Update 26 January 2022: The ability to create the scoring equation is now built into the hana_ml library, the export_apply_code() function is not required anymore. You find an example in the documentation. It's now just a single line.
json_export = model.export_apply_code('JSON')

 



Table of contents



Prerequisites


You must go through and implement the steps in the blog Hands-On Tutorial: Automated Predictive (APL) in SAP HANA Cloud. By the end of it, you have used Python in Jupyter Notebooks to load data to SAP HANA Cloud and you are able to train an APL classification model in SAP HANA. This model predicts whether a person is interested in purchasing a specific investment product from their bank.

To summarise, with the help of the "Python Client API for machine learning algorithm" (often called the "HANA ML wrapper) the model was trained as follows.

The hana_ml library has been installed. At the time of writing, the latest version is 2.6.20110600.
import hana_ml
print(hana_ml.__version__)

 

You can connect to your SAP HANA system. This blog is using SAP HANA Cloud, but the whole scenario also works with on-premise SAP HANA.
import hana_ml.dataframe as dataframe
conn = dataframe.ConnectionContext(userkey = 'MYHANACLOUD',
encrypt = 'true')
# Send basic SELECT statement and display the result
sql = 'SELECT 12345 FROM DUMMY'
df_remote = conn.sql(sql)
print(df_remote.collect())

 

Training data is stored in the table BANKMARKETING.
df_remote = conn.table(table = 'BANKMARKETING', schema = 'ML').sort('CUSTOMER_ID', desc = False)
df_remote.head(5).collect()

 

Create and configure the GradientBoostingBinaryClassifier object. For details on the configuration please see the previous blog.
from hana_ml.algorithms.apl.gradient_boosting_classification import GradientBoostingBinaryClassifier
gbapl_model = GradientBoostingBinaryClassifier()
col_target = 'PURCHASE'
target_value = 'yes'
col_id = 'CUSTOMER_ID'
col_predictors = df_remote.columns
col_predictors.remove(col_target)
col_predictors.remove(col_id)
gbapl_model.set_params(eval_metric = 'AUC') # Metric used to evaluate the model performance
gbapl_model.set_params(cutting_strategy = 'random with no test') # Internal splitting strategy
gbapl_model.set_params(other_train_apl_aliases={'APL/VariableAutoSelection': 'true',
'APL/Interactions': 'true',
'APL/InteractionsMaxKept': 10,
'APL/TargetKey': target_value})

 

And the model has been trained successfully.
gbapl_model.fit(data = df_remote, 
key = col_id,
features = col_predictors,
label = col_target)

 

Trained APL model to JSON


The APL model has been trained. Now export the trained model's logic into a JSON equation. This equation will be used in the next step to produce new predictions.

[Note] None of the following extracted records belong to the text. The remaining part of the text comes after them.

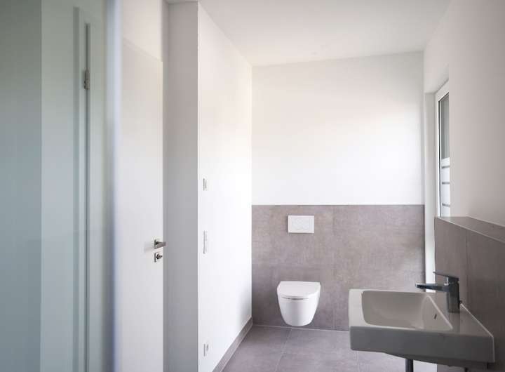 • 1 attraktives, hellgrau gefliestes Bad (Fliesen 120 x 60 m²) mit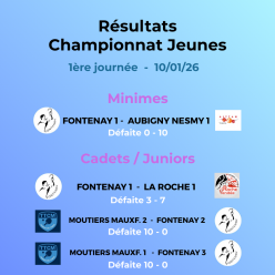 Résultats de la 1ère journée du championnat jeunes : 4 défaites, mauvaise journée. On repart à l'entraînement pour faire mieux. AL...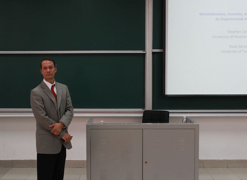 Associate Professor Rudy Santore of Haslam School of Business, University of Tennessee, was invited to pay an academic visit to ECUST from June 22 to July 1, 2016. And professor Santore made an academic report entitled “Informant, amnesty and management fraud : An Experimental Research” for the faculty and students of the School of Business, ECUST on June, 23, 2016.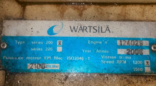 The Wartsila 200 Series V12 Diesel engine S/N 124029 was manufactured in late 2006 and installed into a Navy vessel which came in to service years later around 2009.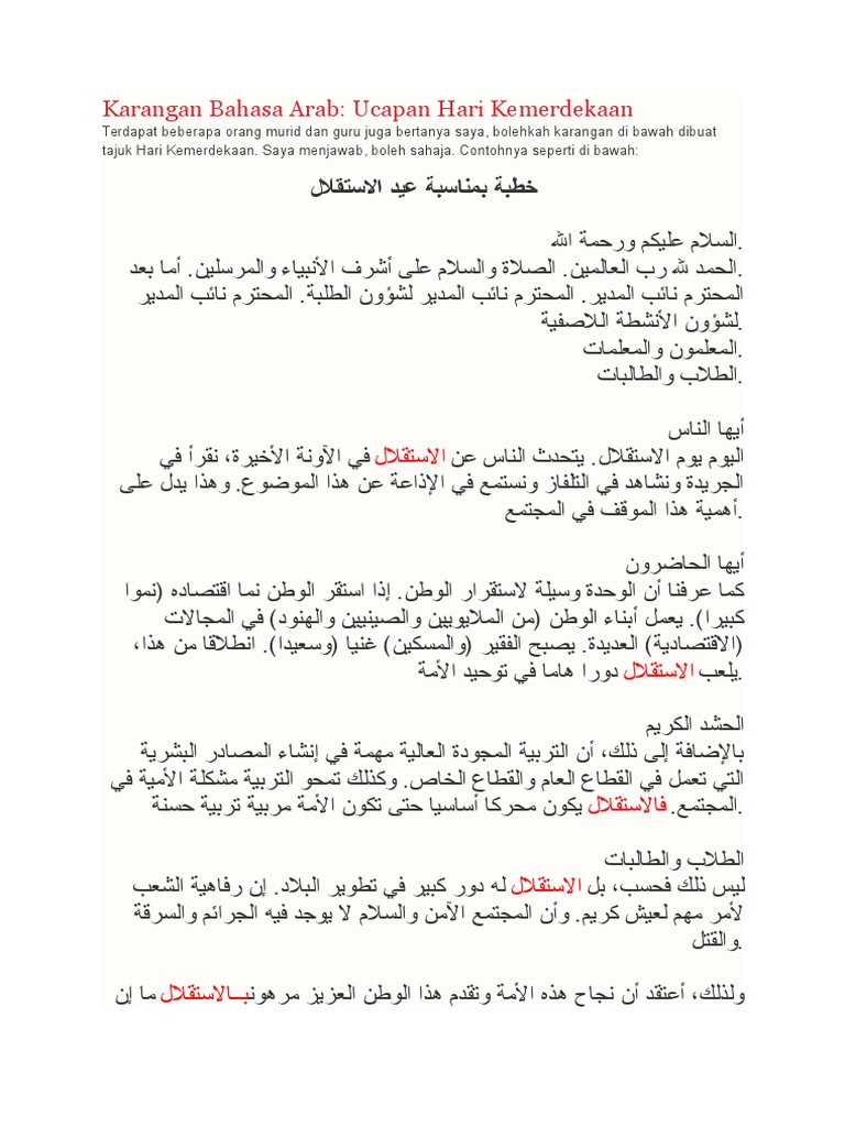 Karangan Bahasa Arab Hari Kemerdekaan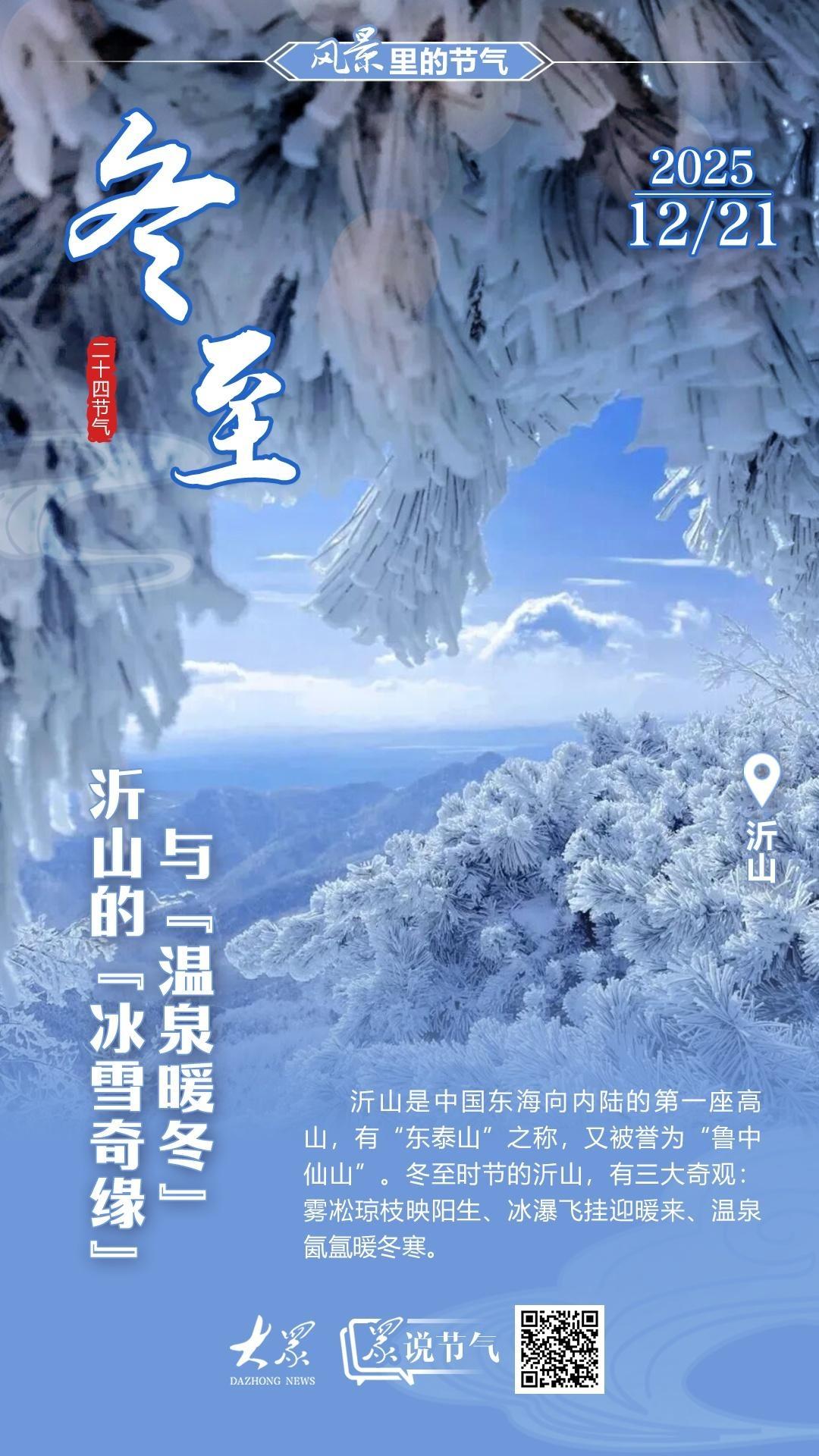 冬至时节的沂山,有三大奇观。雾凇琼枝映阳生:冬至前后,沂山迎来雾凇最佳观赏期,漫山遍野银装素裹,松针戴玉,树枝挂银,在阳光下闪烁着耀眼光芒,宛如仙境。冰瀑飞挂迎暖来:百丈崖瀑布凝结成层层叠叠的冰瀑,如白玉垂挂,气势磅礴。温泉氤氲暖冬寒:沂山脚下的温泉度假区,在零下的严寒中形成“云雾润蒸”的奇观,浸泡在温暖的泉水中,望着远处的冰雪世界,感受着泉水的温热,仿佛触摸到了冬至时节大地深处涌动的阳气。

The hana_ml wrapper that was used to train the model does not provide a function to quickly obtain the JSON logic. It has to be obtained through SQL syntax. To simplify this step, Nai Minh Quach and marc.daniau created the following function, which takes care everything that's needed.
def export_apply_code(model, **other_params):
conn = model.conn_context.connection
cursor = conn.cursor()

# -- Header
try:
cursor.execute('drop table #FUNC_HEADER')
except:
pass
cursor.execute('create local temporary table #FUNC_HEADER like "SAP_PA_APL"."sap.pa.apl.base::BASE.T.FUNCTION_HEADER"')

# -- Export Parameters
try:
cursor.execute('drop table #EXPORT_CONFIG')
except:
pass
cursor.execute('create local temporary table #EXPORT_CONFIG like "SAP_PA_APL"."sap.pa.apl.base::BASE.T.OPERATION_CONFIG_EXTENDED"')
cursor.execute('insert into #EXPORT_CONFIG values (?, ?, NULL)', ['APL/CodeType', 'JSON'])
cursor.execute('insert into #EXPORT_CONFIG values (?, ?, NULL)', ['APL/ApplyExtraMode', 'Advanced Apply Settings'])

# -- Output table
try:
cursor.execute('drop table #APPLY_CODE_OUTPUT')
except:
pass
cursor.execute('create local temporary table #APPLY_CODE_OUTPUT like "SAP_PA_APL"."sap.pa.apl.base::BASE.T.RESULT"')

# Call APL SQL function
sql = """
DO (
IN header "SAP_PA_APL"."sap.pa.apl.base::BASE.T.FUNCTION_HEADER" => #FUNC_HEADER,
IN config "SAP_PA_APL"."sap.pa.apl.base::BASE.T.OPERATION_CONFIG_EXTENDED" => #EXPORT_CONFIG,
IN model "SAP_PA_APL"."sap.pa.apl.base::BASE.T.MODEL_BIN_OID" => {model_table} )
BEGIN
"SAP_PA_APL"."sap.pa.apl.base::EXPORT_APPLY_CODE"(:header, :model, :config, out_code);
EXEC 'insert into #APPLY_CODE_OUTPUT select * from :out_code' USING out_code;
END;
"""
model_table_name = model.model_table_.name # the temp table where the model is saved
sql = sql.format(model_table=model_table_name)
cursor.execute(sql)

# Get the code generated
cursor.execute('select to_char(VALUE) value from #APPLY_CODE_OUTPUT')
apply_code = cursor.fetchone()[0]
return apply_code

 

Just pass the trained model into the function.
model_equation = export_apply_code(model=gbapl_model)

 

And you can write the JSON logic to file.
text_file = open("./bank_marketing_model.json", "w")
text_file.write(model_equation)
text_file.close()

 

The file is not meant to be human-readable, but of course you can have a look.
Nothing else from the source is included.